Minimal 16-bit example
The best way to understand is to make some minimal examples yourself.
First learn how to create a minimal bootloader OS and run it on QEMU and real hardware as I've explained here: https://stackoverflow.com/a/32483545/895245
Now you can run in 16-bit real mode:
movw $handler0, 0x00
mov %cs, 0x02
movw $handler1, 0x04
mov %cs, 0x06
int $0
int $1
hlt
handler0:
/* Do 0. */
iret
handler1:
/* Do 1. */
iret
This would do in order:
Do 0.
Do 1.
hlt: stop executing
Note how the processor looks for the first handler at address 0, and the second one at 4: that is a table of handlers called the IVT, and each entry has 4 bytes.
Minimal example that does some IO to make handlers visible.
Protected mode
Modern operating systems run in the so called protected mode.

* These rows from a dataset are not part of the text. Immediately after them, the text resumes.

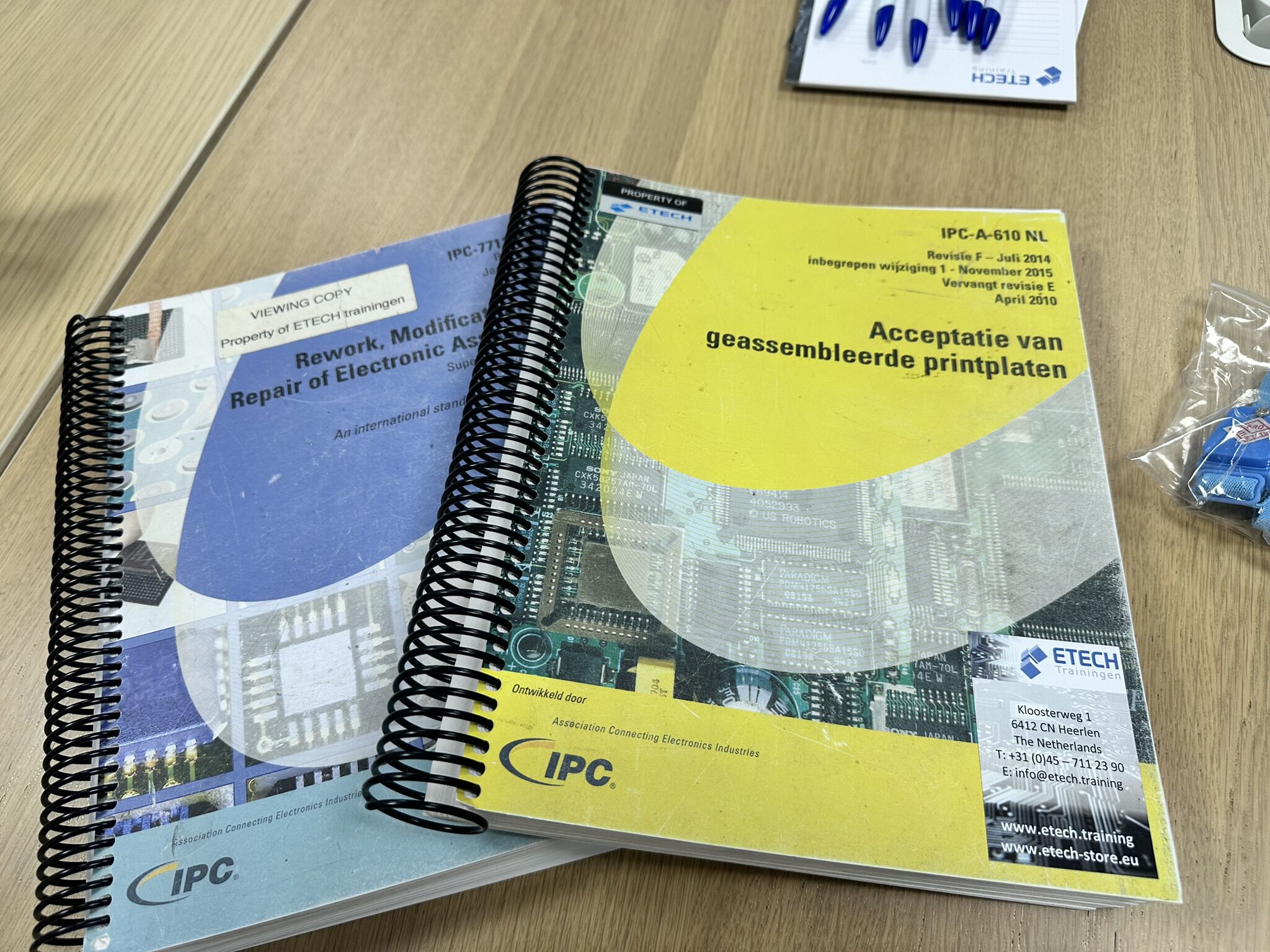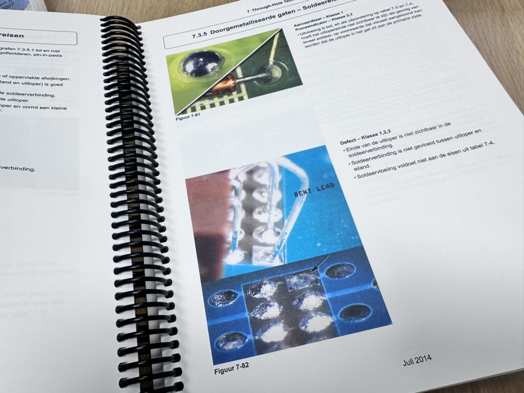 De training werkt direct met de officiële IPC-documenten. Op tafel ligt de IPC-7711/7721 Revision C (Rework, Modification and Repair of Electronic Assemblies) en de IPC-A-610 NL (Acceptatie van geassembleerde printplaten). Beide zijn dikke spiraalgebonden naslagwerken vol maatvoering, fototabellen en klasse-eisen.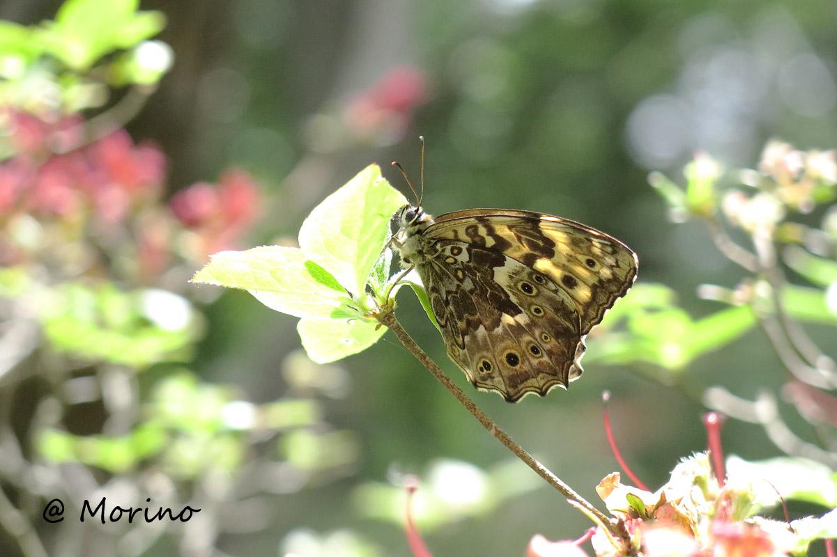 背後のツツジにサトキマダラヒカゲが一頭、そこから尾根の道へ出るササが多い所で、アサギマダラ1頭が飛翔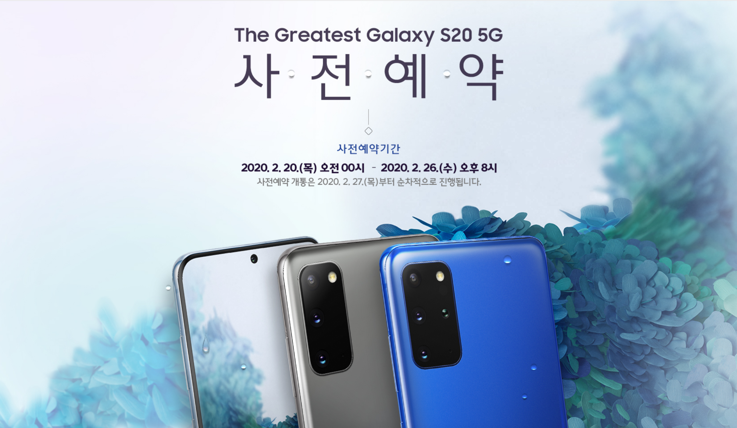 갤럭시 S20 사전예약은 20년 2월 20일(목)부터 26일(수)까지 일주일 간입니다.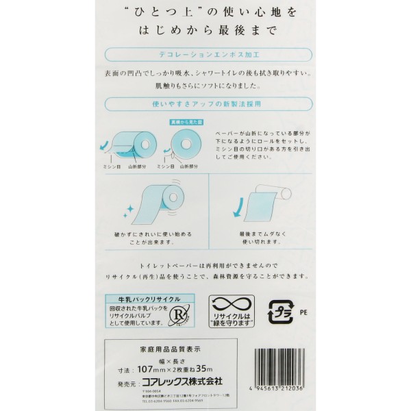 프리미엄 신라 F 더블 12롤 35m 코어렉스 > 샤워용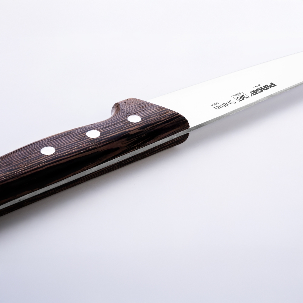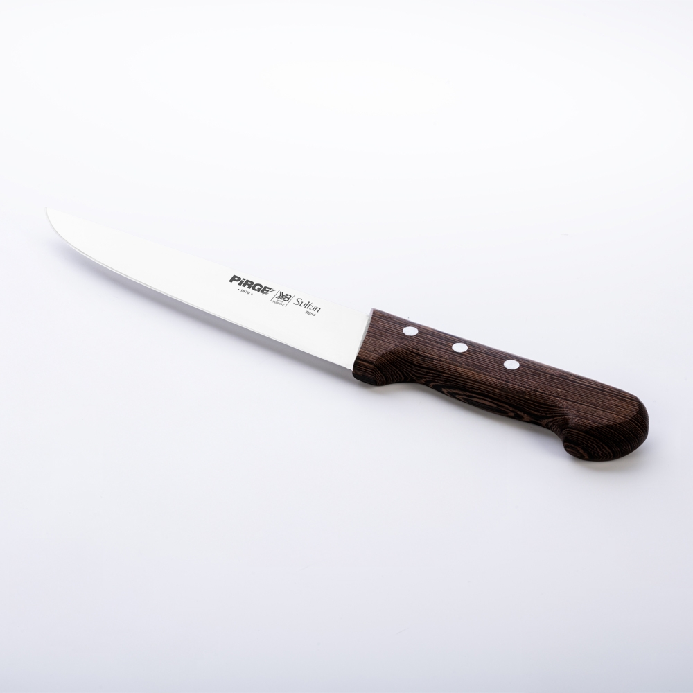 Sultan Kasap Bıçağı No.4 21 cm ürünümüz kalın ve güçlü çelik yapısı, doğal ahşap, üç perçinle sabitlenmiş sağlam sap kısmı sayesinde işlerinizi çok kolaylaştıracaktır! Kullanımınıza uygun bir ölçü, kalınlık ve sap modeli seçtiğinizden emin olun, etleri ve sebzeleri ne kadar rahat kestiğinizi gördüğünüzde bize hak vereceksiniz.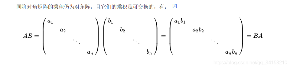 对角矩阵的性值跟可逆矩阵有一点一样,就是可以交换次序,书上没找到,提高百度的截图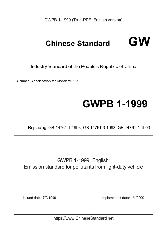 Delivery: <= 4 days. True-PDF full-copy in English will be manually translated and delivered via email. GWPB1-1999: Emission standard for pollutants from light-duty vehicle Status: Obsolete
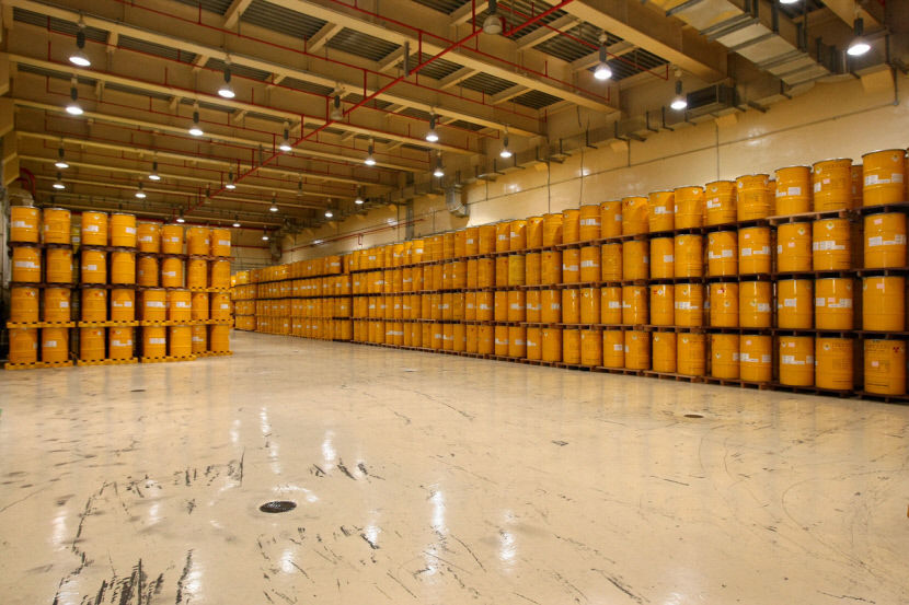 一桶桶放射性廢物被運入位于慶尚北道慶州市文武大旺面的韓國放射性廢物管理署低級和中級放射性廢物儲存設施。由韓國原子能機構提供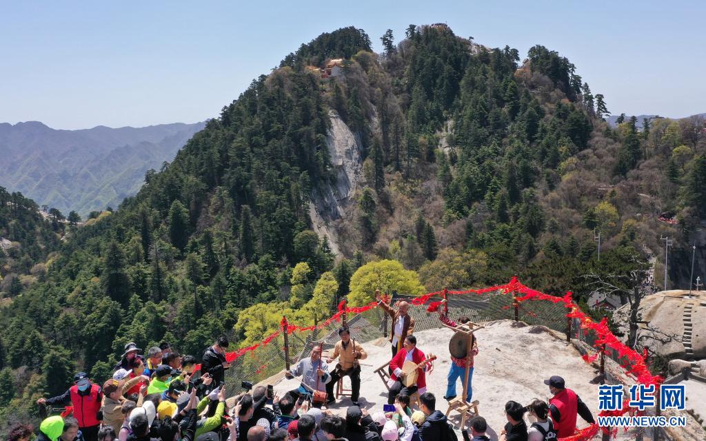 5月5日,華山景區(qū)西峰索道“華陰老腔團(tuán)”在華山西峰之巔為游客表演(無(wú)人機(jī)照片)。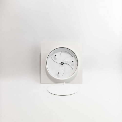 Так же диффузор состоит из металлической заслонкой, которой можно регулировать поток воздуха, либо полностью перекрыть его. К заслонке с помощью магнитов крепится декоративная круглая панелька, которую можно покрасить в цвет потолка. Так же по ободку диффузора имеется молярная сетка, для надёжной фиксации шпаклёвки. Наши диффузоры оснащены москитной сеточкой, которая препятствует попаданию насекомых в помещение.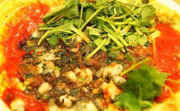2、平锅置小火上,下花生油烧八成热时将海蛎浆下锅,摊平,煎一会儿,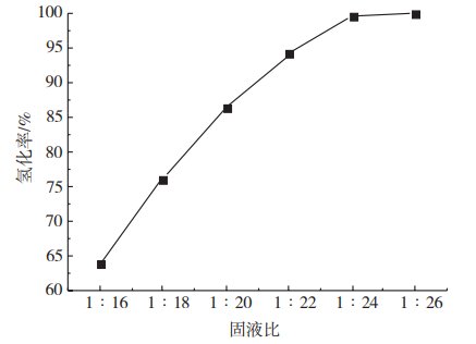 每次稱取200g粗級碳酸鋰,按一定固液比將碳酸鋰調(diào)成漿料,在攪拌下通入CO2流量為60~70L•h-1,氫化60min,使碳酸鋰轉(zhuǎn)化成可溶性的碳酸氫鋰。根據(jù)四季的溫度變化,選擇在相應(yīng)的溫度下氫化,氫化完成后將溶液過濾,收集濾渣。氫化率的計算:

The handling has more options in this mode, so it is more complex, but the spirit is the same.
Minimal example
See also
Related question: What does "int 0x80" mean in assembly code?
While the 8086 is executing a program an interrupt breaks the normal sequence of execution of instruction, divert its execution to some other program called interrupt service Routine (ISR). after executing, control return the back again to the main program.
An interrupt is used to cause a temporary halt in the execution of program. Microprocessor responds to the interrupt service routine, which is short program or subroutine that instruct the microprocessor on how to handle the interrupt.